© JUNGE FREIHEIT Verlag GmbH & Co.  www.jungefreiheit.de  44/11 / 28. Oktober 2011

EU: Vom Staatenbund zum Bundesstaat
Das vergessene Prinzip
Wolfgang Ockenfels

Es waren Christen, die Europa aus der Taufe hoben. Seither ist es uns sehr ans Herz gewachsen, es ist uns teuer. Und in des Wortes weiterer Bedeutung kann es uns ein teures, zweifelhaftes Vergnügen werden, an das die politischen Gründungsväter gewiß nicht gedacht haben. Sie hatten ein „Europa der Vaterländer“ vor Augen, einen Staatenbund, keinen zentralistischen Bundesstaat. Denn durch Geschichtserfahrung klug geworden, plädierten sie für eine subsidiäre, antitotalitäre politische Form.

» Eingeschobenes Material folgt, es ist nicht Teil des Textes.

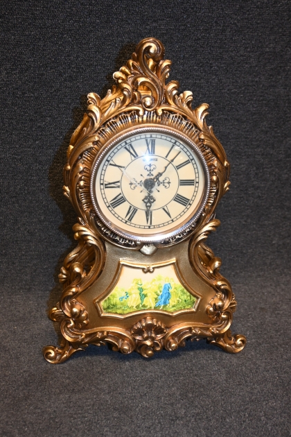 124. Bordspendyl i konstmaterial med batteriverk H.37cm (ej test körd, liten skada på lock)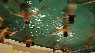 Cute girls masturbate in public naturist resorts with the underwater jet while other young couples screw!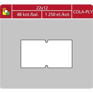 Cenové etikety určené na označování výrobků cenou, datem (např. minimální trvanlivostí), případně dalšími doplňujícími údaji Rozměry: 22,0 x 12,0 mm Barva: bílá Prodáváme po jednom kotoučku, který obsahuje …
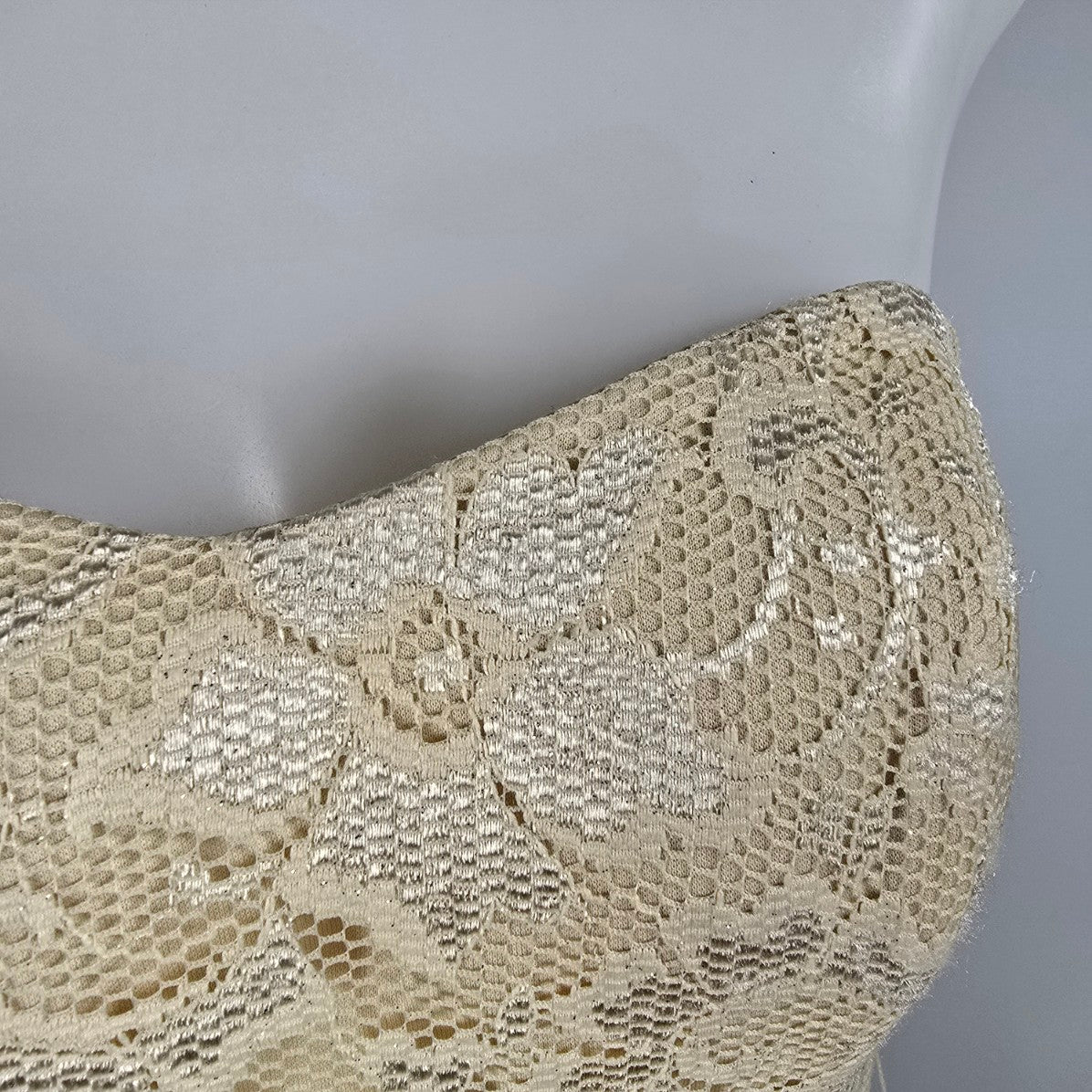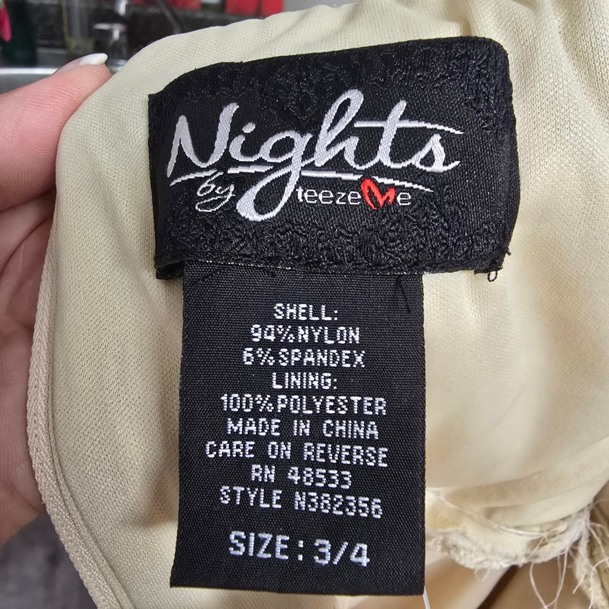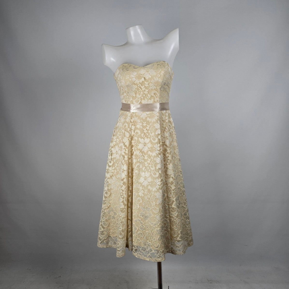 Nights By Teeze Me Cream Lace Satin Belted Fit & Flare Event Dress Size 3/4

Heute tun unsere europabeflissenen Politiker so, als müßten sie mit dem Euro zugleich auch Europa retten. Dabei haben sie keine blasse Ahnung mehr davon, was es mit dem Subsidiaritätsprinzip auf sich hat. Sie nehmen hohe materielle Verluste in Kauf, um die Finanzierung überschuldeter, bankrotter Staaten zu gewährleisten. Das wäre vielleicht gerade noch hinzunehmen. Aber der Entzug demokratischer Bürgerrechte ist eine verfassungsrechtliche Frage ersten Ranges. Innerhalb der Demokratie bestimmt der Souverän, das Volk, über die Verwen-dung dessen, was es in den Staatshaushalt einbringt. Und wenn sich die Regierenden allzu weit von den Regierten entfernen, entsteht ein demokratisches Manko.

Freilich könnte der deutsche Volkssouverän auf Teile seiner Souveränität verzichten und sie auf die europäische Ebene übertragen. Das passiert aber eher schleichend, unter der Hand, ohne die aktive Mitwirkung der Wähler. Dieses Demokratiedefizit produziert immer mehr Zentralismus, immer mehr Bürokraten, die ein feudales Eigenleben entfalten. In dem Maße aber, in dem sich die Repräsentanten von den zu Repräsentierenden entfernen, meldet sich ziviler Widerstand. Hoffentlich nicht im Sinne des Rechtsbruchs, der zur staatlichen Gepflogenheit wurde, sondern als öffentliche Kritik und politische Opposition.

Ein europäisches Staatsvolk gibt es nicht, noch lange nicht. Wir müssen Europa wieder neu buchstabieren, und zwar nach dem Alphabet der Subsidiarität. Auf diesem Prinzip gründet die europäische Idee: Eigenverantwortung und Hilfe zur Selbsthilfe. Die Demontage Europas beginnt da, wo man auf Kosten anderer ein bequemes Leben führen will. Wer nicht bereit ist, sich selber durch einen kräfti-gen Eigenbeitrag zu helfen, hat die Berechtigung verloren, von anderen solidarische Hilfe zu erwarten.

 

Prof. Dr. Wolfgang Ockenfels ist Publizist und lehrt christliche Sozialethik an der Theologischen Fakultät in Trier.